Procurement in the housing sector is never dull! This regulated sector of 'registered providers of affordable housing' (aka housing associations) has been through momentous time over the past few of years.

Recently we’ve seen reduced government funding for house-building, the imposed reduction of rents, and a new form of right to buy, allowing housing association tenants to buy their homes at a significant discount. Throw in the 2012 Social Value Act and the Value for Money agenda from our regulator, the Homes & Communities Agency, and this is a hard sector for providers to navigate. Add the impact of the Brexit vote and the weakening pound and this adds up to a perfect storm for procurement in our sector. 

The housing sector has been relatively protected from the austerity other sectors have faced, with the government setting the ‘social rents’ we can charge at above-inflation rates for many years. This came to an abrupt end with a new government who stipulated that social rents would reduce 1% year-on-year for the next four years. 

For Curo, a housing association and house-builder with 13,000 homes, the impact of this rent reduction was immense and we had to adjust accordingly.

An immediate response was the temporary scaling-back of our house-building activity – a programme that’s seen us build up to 300 homes a year in recent times. Successive governments have relied heavily of the housing sector to tackle the growing housing shortage across the country, so the impact of the rent cut on our sector’s ability to plug this gap is significant.

With the introduction of the National Living Wage and the rent reduction, this means both resource and services costs will go up, as our income comes down, compounded by a weakening currency.

All this represents a major challenge; a challenge that we’re overcoming at Curo by being creative and innovative in our approach. We set up a commercial enterprise division that enables us to generate new income streams to reinvest back into our core social activity. This includes building, selling and renting homes on the open market.

As one of the larger providers of social housing within the South West, we have a responsibility to support the local communities and economies where we work. We take this responsibility seriously, and improving the lives of our customers is enshrined in our mission and priorities. We welcome the Social Value Act because it chimes with our mission and ensures we think about our impact on our communities. However, the EU Procurement Directives and Public Sector Contract Regulations somewhat contradict this, sometimes making for a difficult balancing act.

As a procurement professional, I believe in the need to be transparent in our procurement activity. But this approach can make things difficult for the sole trader or micro businesses in the region.

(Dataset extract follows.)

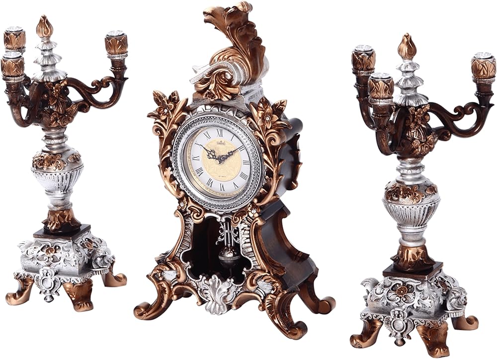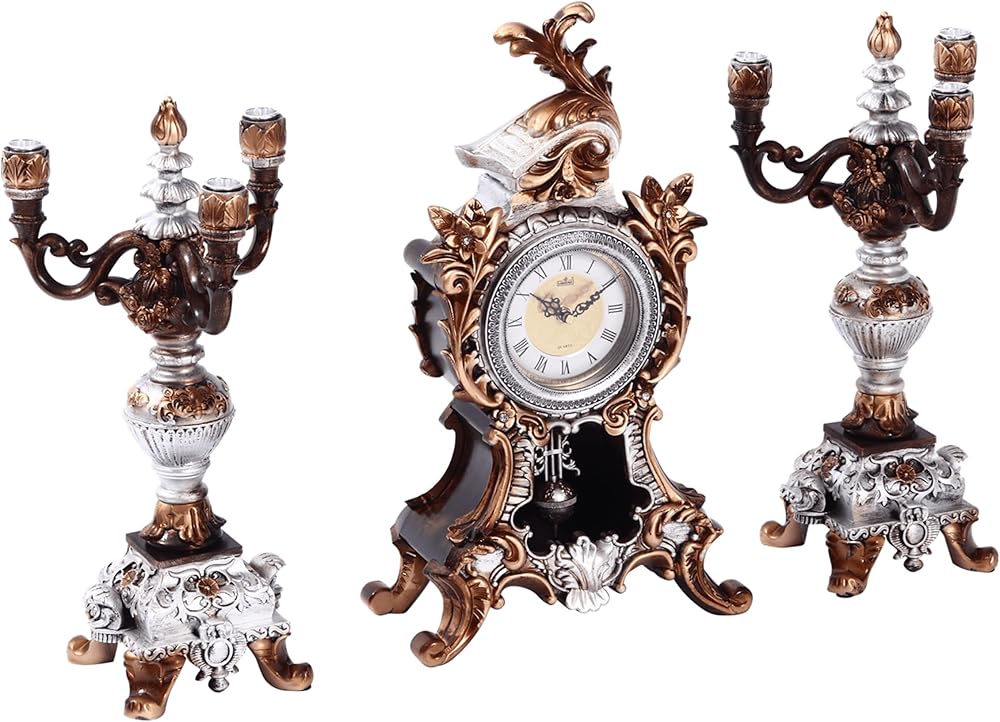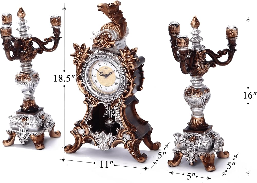 18.5''h الروكوكو نمط البندول ساعة رف على مدار الساعة مع 2 الشمعدانات حاملي الشموع الباروك الراتنج ساعة مكتب ساعة الذكرى السنوية لغرفة المعيشة غرفة نوم ديكور مكتب الموقد

Some of these businesses would really benefit from the support and relationships that Curo could provide. However, they don’t always know the opportunities exist, or know where to look. And we are often unable to find these potential suppliers.

The result is that the same contractors and suppliers bid for the same contracts, time and time again. Even opportunities advertised on OJEU rarely provide us with fresh business partners, because we are a regional provider.

One of Curo’s priorities is to help people live independent and successful lives. We do this by helping people into work and enabling them to grow and develop. By focussing on local contractors and suppliers, we have a better opportunity of succeeding by placing local people with local contractors.

The new obstacle here is the cost of employing people. Where a contract size is too small, is doesn’t lend itself to apprentices or growth of the workforce… consider this against a growing skills shortage within the construction industry.

However, the larger contracts are more often than not awarded to the larger contractors and suppliers, who might not have a presence in our geographical area.

What about Brexit? With the weakening pound, material prices are going up. Maintaining 13,000 properties – as well as 7,800 trees, 300,000m2 of pathways, 650,000m2 of grass and 20,000m2 of hedges – is not cheap. Curo spends between £1.3m and £1.6m a year on building materials alone. Prices are increasing, income is reducing and, through increased productivity, our material consumption is also on the upward trend.

These are the everyday challenges that a procurement or commercial function within the housing sector is facing today.

I would love to say I have all the answers, but I don’t. The landscape is fast changing and it will continue to change.

We must continue to be agile, to adapt and react, while planning for the future to ensure we can always provide great properties and places for our customers while supporting them to lead independent and successful lives.

We’re not alone… our contractors and suppliers are experiencing similar obstacles and naturally will look to pass some of the increases on to their clients. Answers on a postcard please!